• [RECORDS FOR THE TASK]:
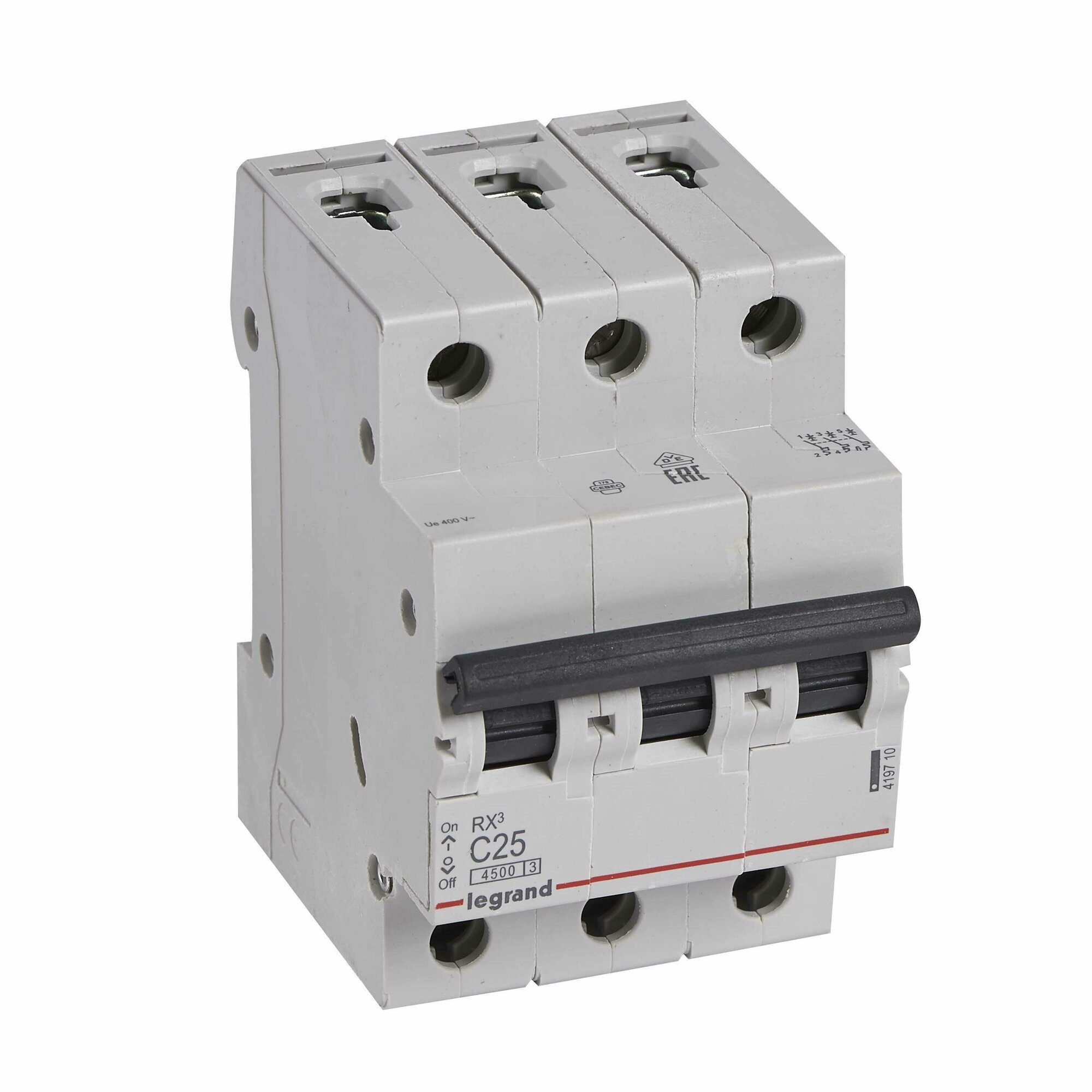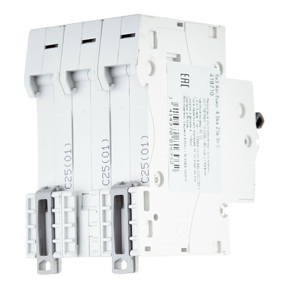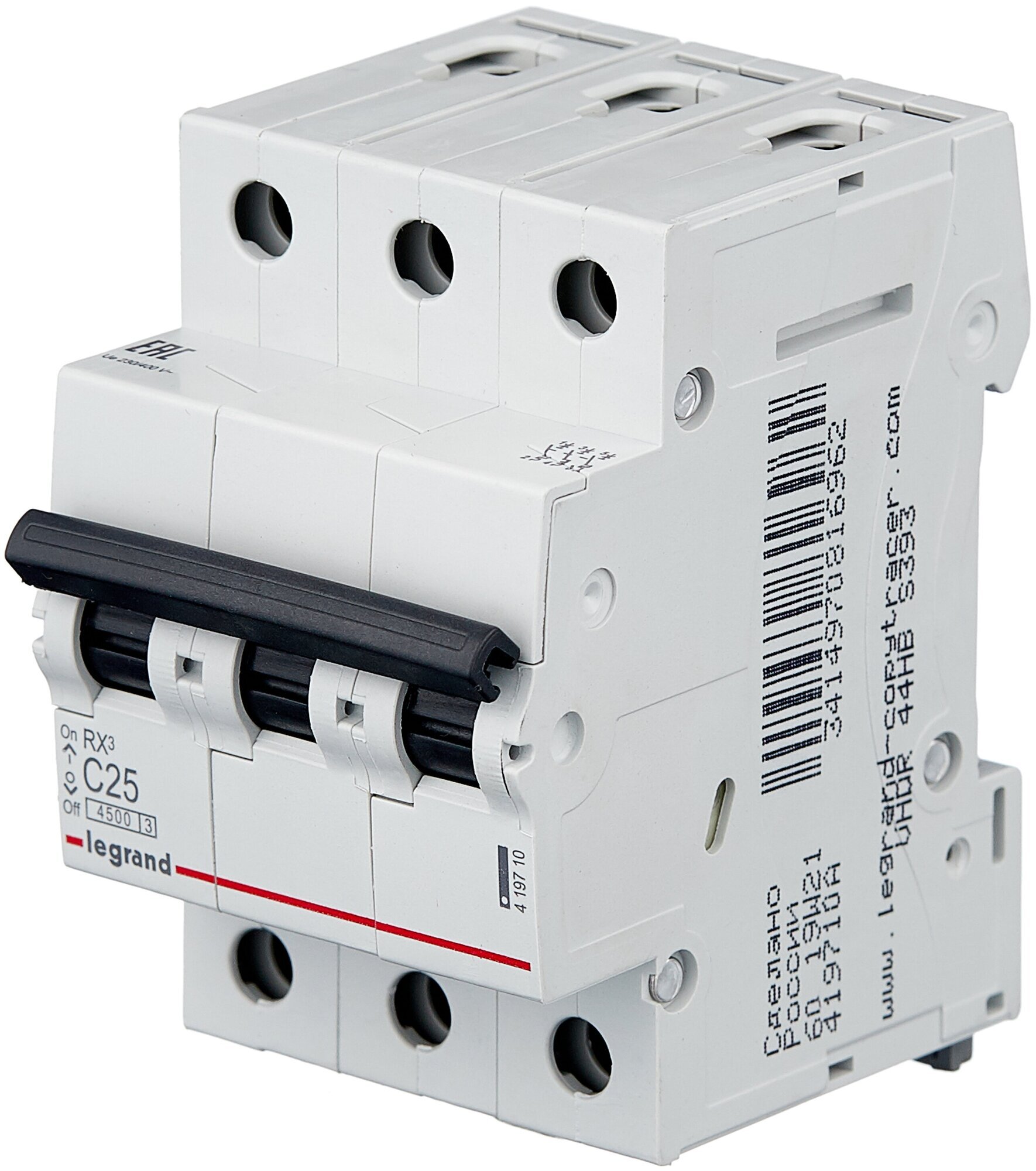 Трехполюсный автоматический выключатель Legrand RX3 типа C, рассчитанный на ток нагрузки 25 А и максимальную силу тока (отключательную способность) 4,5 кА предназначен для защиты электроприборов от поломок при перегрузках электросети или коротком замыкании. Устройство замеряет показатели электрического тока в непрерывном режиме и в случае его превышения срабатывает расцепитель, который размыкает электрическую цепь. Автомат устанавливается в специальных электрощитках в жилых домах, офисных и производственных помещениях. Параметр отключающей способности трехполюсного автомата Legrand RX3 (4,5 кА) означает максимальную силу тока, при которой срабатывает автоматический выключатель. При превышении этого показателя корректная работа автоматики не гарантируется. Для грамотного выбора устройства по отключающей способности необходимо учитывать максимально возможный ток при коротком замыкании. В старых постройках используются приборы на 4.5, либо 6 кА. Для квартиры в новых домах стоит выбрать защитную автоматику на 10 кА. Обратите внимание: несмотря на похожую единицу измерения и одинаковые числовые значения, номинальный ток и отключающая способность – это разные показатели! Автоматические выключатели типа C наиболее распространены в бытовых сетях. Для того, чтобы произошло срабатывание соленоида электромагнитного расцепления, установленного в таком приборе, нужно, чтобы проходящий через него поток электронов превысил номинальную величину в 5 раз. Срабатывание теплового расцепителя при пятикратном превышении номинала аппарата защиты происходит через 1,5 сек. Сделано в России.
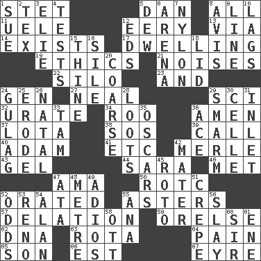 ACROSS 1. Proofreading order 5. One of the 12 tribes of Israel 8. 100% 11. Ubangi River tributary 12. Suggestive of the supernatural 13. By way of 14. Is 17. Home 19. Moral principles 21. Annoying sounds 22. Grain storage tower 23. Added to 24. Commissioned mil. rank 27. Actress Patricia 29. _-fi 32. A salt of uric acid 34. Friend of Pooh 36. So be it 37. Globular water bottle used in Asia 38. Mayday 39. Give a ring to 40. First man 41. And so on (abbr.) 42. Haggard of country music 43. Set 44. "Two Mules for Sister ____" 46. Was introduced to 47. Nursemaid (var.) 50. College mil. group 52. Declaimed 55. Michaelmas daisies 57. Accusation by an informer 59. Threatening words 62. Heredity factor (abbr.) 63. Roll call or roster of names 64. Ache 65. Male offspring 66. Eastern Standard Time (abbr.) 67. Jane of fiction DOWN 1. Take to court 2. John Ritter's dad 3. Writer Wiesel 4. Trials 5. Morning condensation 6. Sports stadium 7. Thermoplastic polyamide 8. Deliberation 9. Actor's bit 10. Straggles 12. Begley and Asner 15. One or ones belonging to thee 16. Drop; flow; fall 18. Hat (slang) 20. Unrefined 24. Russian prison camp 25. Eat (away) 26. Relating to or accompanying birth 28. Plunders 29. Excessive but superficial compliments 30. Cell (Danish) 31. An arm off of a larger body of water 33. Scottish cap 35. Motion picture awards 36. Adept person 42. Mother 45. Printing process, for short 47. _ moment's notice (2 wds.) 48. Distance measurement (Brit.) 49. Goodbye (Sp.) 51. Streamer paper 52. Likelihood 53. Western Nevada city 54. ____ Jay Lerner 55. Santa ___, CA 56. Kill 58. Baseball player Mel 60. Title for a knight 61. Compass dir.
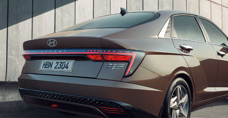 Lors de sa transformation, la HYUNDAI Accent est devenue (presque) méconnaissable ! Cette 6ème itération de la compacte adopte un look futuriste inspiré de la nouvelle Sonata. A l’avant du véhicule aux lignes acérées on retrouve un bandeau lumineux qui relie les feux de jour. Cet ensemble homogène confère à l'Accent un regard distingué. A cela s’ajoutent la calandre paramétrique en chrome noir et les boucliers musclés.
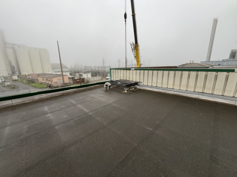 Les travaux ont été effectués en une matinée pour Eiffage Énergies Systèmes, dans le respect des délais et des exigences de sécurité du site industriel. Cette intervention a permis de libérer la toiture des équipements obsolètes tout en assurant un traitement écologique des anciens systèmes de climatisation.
--
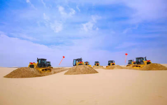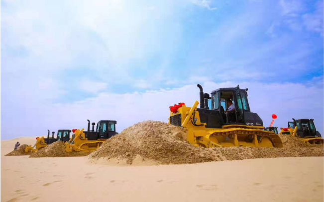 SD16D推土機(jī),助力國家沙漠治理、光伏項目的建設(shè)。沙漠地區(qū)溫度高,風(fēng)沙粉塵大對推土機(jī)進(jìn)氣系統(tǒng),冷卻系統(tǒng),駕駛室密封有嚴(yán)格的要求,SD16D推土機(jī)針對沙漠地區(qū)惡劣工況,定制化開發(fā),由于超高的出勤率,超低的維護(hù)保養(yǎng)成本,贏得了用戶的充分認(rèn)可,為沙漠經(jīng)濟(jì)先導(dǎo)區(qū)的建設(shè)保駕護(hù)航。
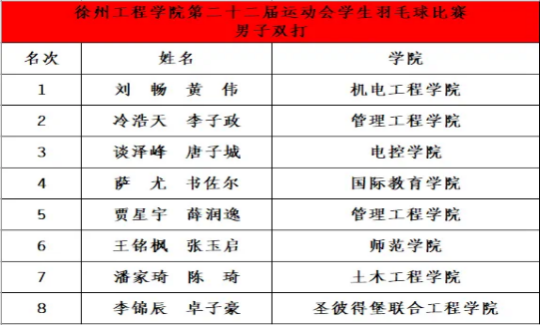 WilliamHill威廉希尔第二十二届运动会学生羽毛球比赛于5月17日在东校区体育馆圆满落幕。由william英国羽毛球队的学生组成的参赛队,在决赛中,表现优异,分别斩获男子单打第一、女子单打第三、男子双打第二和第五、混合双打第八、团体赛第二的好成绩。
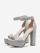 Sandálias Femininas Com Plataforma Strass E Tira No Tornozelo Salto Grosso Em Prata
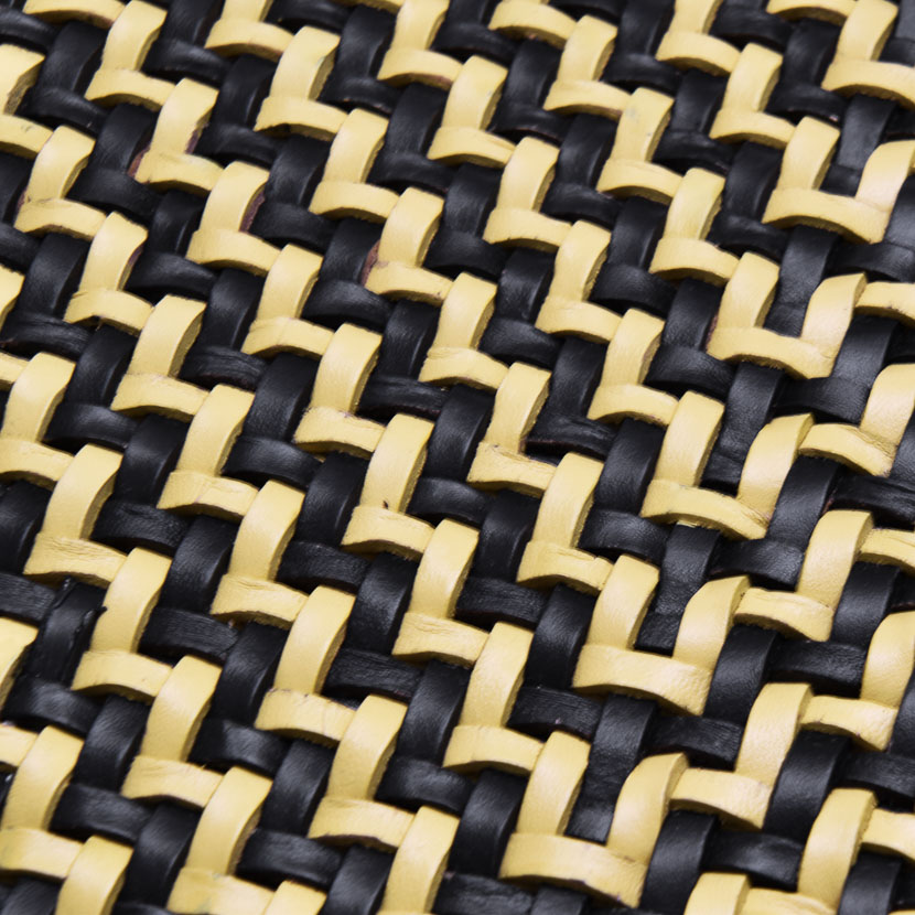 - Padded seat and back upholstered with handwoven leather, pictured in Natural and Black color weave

• [PROMPT]: What is needed is an exact copy of only the lines above from the one with "WilliamHill威廉希" to the one with "- Padded seat", both kept, with every picture left out.

• [YOUR RESPONSE]:
 WilliamHill威廉希尔第二十二届运动会学生羽毛球比赛于5月17日在东校区体育馆圆满落幕。由william英国羽毛球队的学生组成的参赛队,在决赛中,表现优异,分别斩获男子单打第一、女子单打第三、男子双打第二和第五、混合双打第八、团体赛第二的好成绩。
 Sandálias Femininas Com Plataforma Strass E Tira No Tornozelo Salto Grosso Em Prata
 - Padded seat and back upholstered with handwoven leather, pictured in Natural and Black color weave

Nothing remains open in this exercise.